I found something in the January edition of Forum Letter that is especially pertinent. It is the transcript of a sermon delivered by Richard John Neuhaus at the chapel at Valparaiso University in 1976. One thing that strikes me about Neuhaus is how his words, delivered in a different time, still speak relevant truth in a different time. Here are some excerpts from Neuhaus' sermon:

"Progress has always been historically the expansion of our understanding of human life and human rights and the protections which we are obligated to afford the most marginal, the most non-utilitaria, the most inconvenient forms of human existence.

There are those who say that only the person confronting the problem, and perhaps expanded only to women, have any right to speak on the subject. What an absurd, what a sexist, what a regressive notion to suggest that when the least and the most vulnerable and the weakest are assaulted, it is not the concern of us all.

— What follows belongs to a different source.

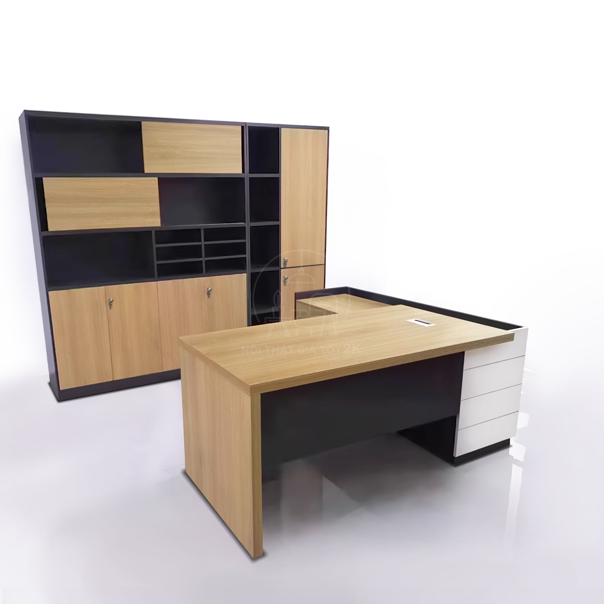 Bàn giám đốc kèm tủ phụ thường được làm từ chất liệu gỗ cao cấp, với đường nét tinh tế và kiểu dáng hiện đại, mang đến cho văn phòng của bạn một phong cách sang trọng và chuyên nghiệp.

There are those who say, "I know. But we are not speaking about life. Not really. We're speaking about potential human life." My God, don't they know? We are all potential human beings. At the very heart of the Christian insight is, as St. Paul says in Romans chapter 8, that the whole of creation is yearning as a woman in labor to be what has not yet been revealed. We are called as Christians to affirm our solidarity within the bond of potentiality, our solidarity across the lines of race, and of class, and of nation, and of sex, and of age, and of competence. Now, if Jesus is right, there is nobody who is nobody. Nobody so poor, so inconvenient, so ugly, so useless. If we understand the holiness of the ordinary, it has a radical transforming power within our own lives. Within our society, we might yet be again a light in the darkness, the salt of the earth, saying No! because we have said Yes! to the difference of discipleship.

He calls us today, sisters and brothers, to stand guard, to stand guard at the doors of life, at the entrance door of life, at the exit door of life, and all along the way of life, to celebrate, to affirm, to cherish, to reverence, to live for, and, if need be, die for His presence among us. Amen."

That was written and preached in 1976. Those words and sentiments still need to be proclaimed in 2010. May God grant us the courage to speak up on behalf of women, men, and unborn children about the harmful effects of abortion.